The end of diesel cars in Europe is near: EU lawmakers make a decisive move

The European Parliament wants much tougher emission laws

Europe will soon become a place where diesel engines will be banned, at least for passenger cars. The European Parliament recommended yesterday that the EU member states and European Commission "act swiftly to improve tests and checks on new cars on EU roads." 

According to a press release from the European Parliament, MEPs amended EU “type approval” rules to make environmental and safety testing more independent, with stricter oversight of cars already on the road.

In the wake of the Dieselgate scandal, now extended to other European automakers, members concluded that although the EU Commission and member states were already aware, more than a decade ago, that diesel cars’ nitrogen oxide (NOx) emissions in laboratory tests differ markedly from those measured on the roads, they failed to act appropriately to protect air quality and public health.

MEPs also recommended that EU legislation on real driving emissions should be adopted swiftly, with tests covering a wide range of driving conditions, but also with non-predictable variations to detect illegal defeat devices. 
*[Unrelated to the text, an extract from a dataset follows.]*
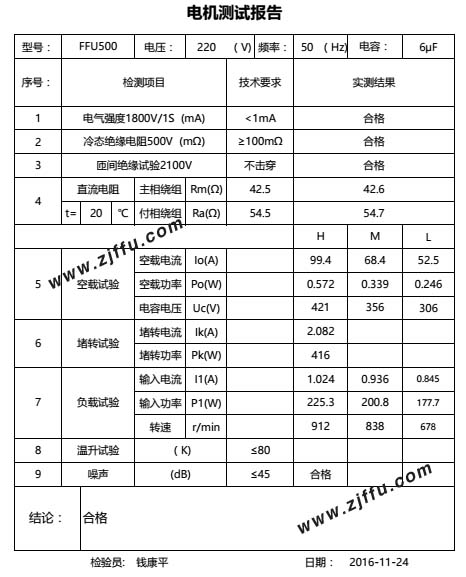 FFU500電機測試報告 型號:FFU500 電壓:220 (V) 頻率:50 (Hz) 電容:6mF 1、檢測項目:電氣強度1800V/1S (mA);技術要求:<1mA;實測結果:合格。 2、檢測項目:冷態(tài)絕緣電阻500V (mQ);技術要求:>100mQ;實測結果:合格。 3、檢測項目:匝間絕緣試驗2100V;技術要求:不擊穿;實測結果:合 …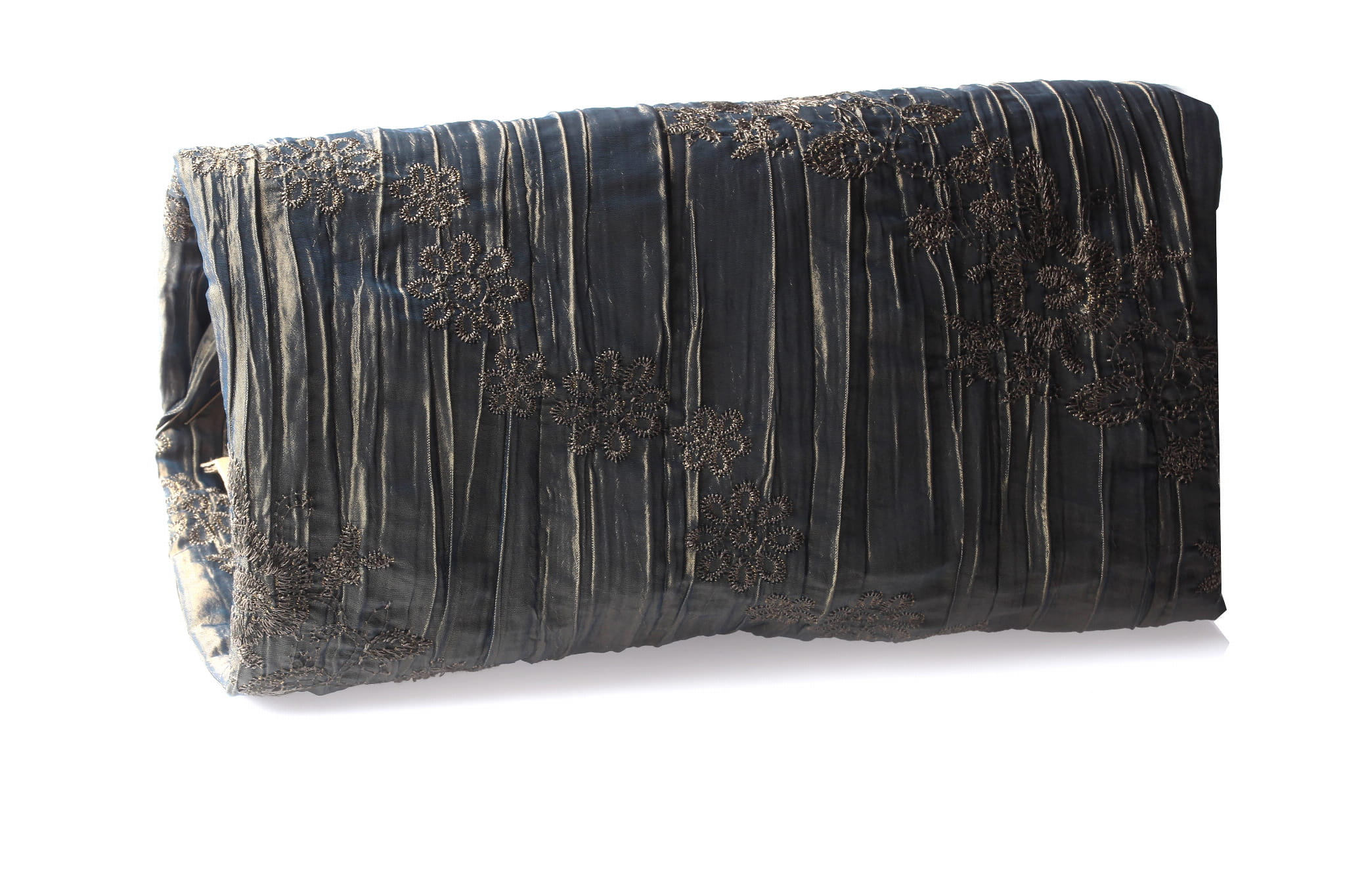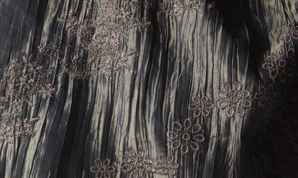 Ein Stoff mit einer steifen und raschelnden Textur und einer glänzenden Oberfläche, die mit Stickereien verziert ist. Taft ist ein sehr einzigartiges und optisch wirksames Material. Das gestickte Muster lässt den Stoff einzigartig und interessant aussehen.

Each year EU member states would have to test at least 20% of the car models placed on the market in their country in the previous year, and fines imposed by the Commission on car manufacturers who falsify test results could be of €30,000 per vehicle. Penalty revenue should be used to support market surveillance, benefit affected consumers or for environmental protection.

In a move that will most likely signal the end of diesel engines in Europe, the European Parliament recommended that car buyers affected by the scandal should be financially compensated by the car manufacturers involved. This would force carmakers to take extra care in reducing NOx emissions for diesel engines, with additional costs that would make diesel cars too expensive.

There is a strong possibility that starting from 2020, diesel cars will be replaced by hybrids, as the market will shift towards `cleaner` cars in the same price range.